Last Modified: July 01, 2022

Family Medicine

Michelle Kennedy, BSN, RN, Emergency Care, Parkview Regional Medical Center, offers guidance for minor burns, as well as recommendations for when to seek emergency medical attention.

Minor burn care

A minor burn involves the top layer of skin and is often caused by cooking, steam, hot surfaces or sun exposure.

If you experience a minor burn, follow these steps for proper treatment:

1)First you want to remove the source of the burn. If there is clothing touching or covering the burn, remove it. If it sticks to the burn, leave it in place. Remove any jewelry near the burn because swelling will make it difficult to remove later.

2)Next, find a source of cool running water and put the burn under the water for at least 10 minutes. You don’t want to use ice or ice water, which can actually freeze and worsen the burn area. If you are camping and have a cooler with ice water, dip a clean rag into the water and use it to cover the burn. You never want to use butter or oil of any kind to treat or soothe a burn.  
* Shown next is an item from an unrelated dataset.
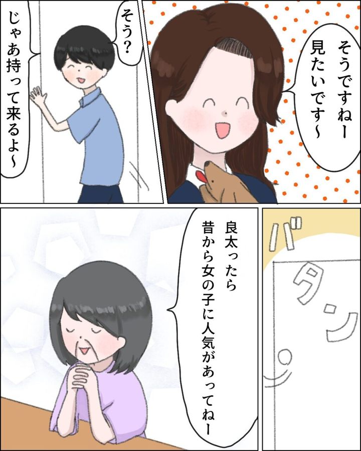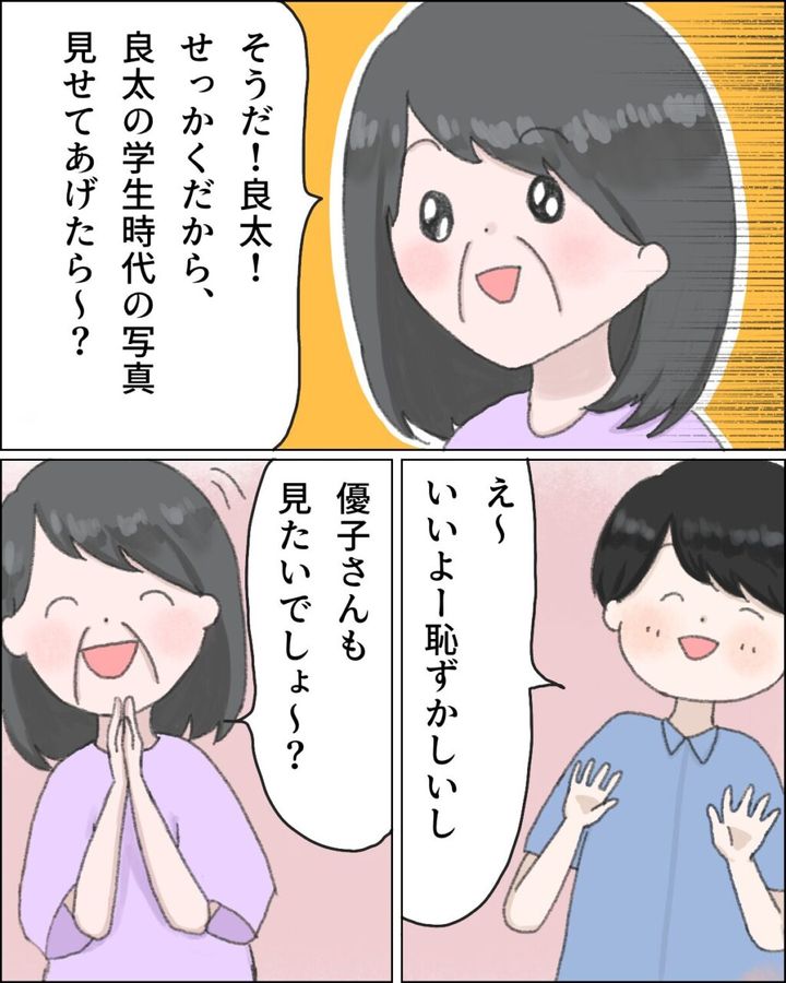すると、「そうだ!良太!せっかくだから、良太の学生時代の写真見せてあげたら~?」と義母が言い出し、「え~、いいよー恥ずかしいし」と照れる良太。そして「優子さんも見たいでしょ~?」と義母が笑顔で言い、

3)Clean the burn area with a mild, unscented soap and water to remove anything that could cause infection.

4)If the skin blisters, you never want to pop the blister because it is protecting the skin underneath. Leave the blister in place so bacteria can’t get in and cause infection. Clean the area around the blister with mild soap and water, put antibacterial ointment over it and cover with a sterile dressing. Repeat daily.

5)If the skin is intact, apply aloe gel or hydrating lotion as needed to keep skin from drying out.

6)If the blister pops on its own, put antibacterial ointment on a sterile, nonstick pad and cover it loosely with acrylic dressing. If you need to use tape to secure a bandage, be sure you don’t put tape on the burned area.

Once the burn begins to heal, if it becomes red or streaks up the arm, becomes really tender, produces a cloudy discharge or you begin running a fever, seek medical attention.

Care for severe burns

Bonfires, fireworks and grills can lead to more severe burns. A burn is considered severe if it blisters right away, peels or covers an area greater than the size of your hand (more than 1% of the body).  

If clothing is touching the burn, try to get as much off as possible, unless it is sticking. Try to cool the area and seek medical attention immediately.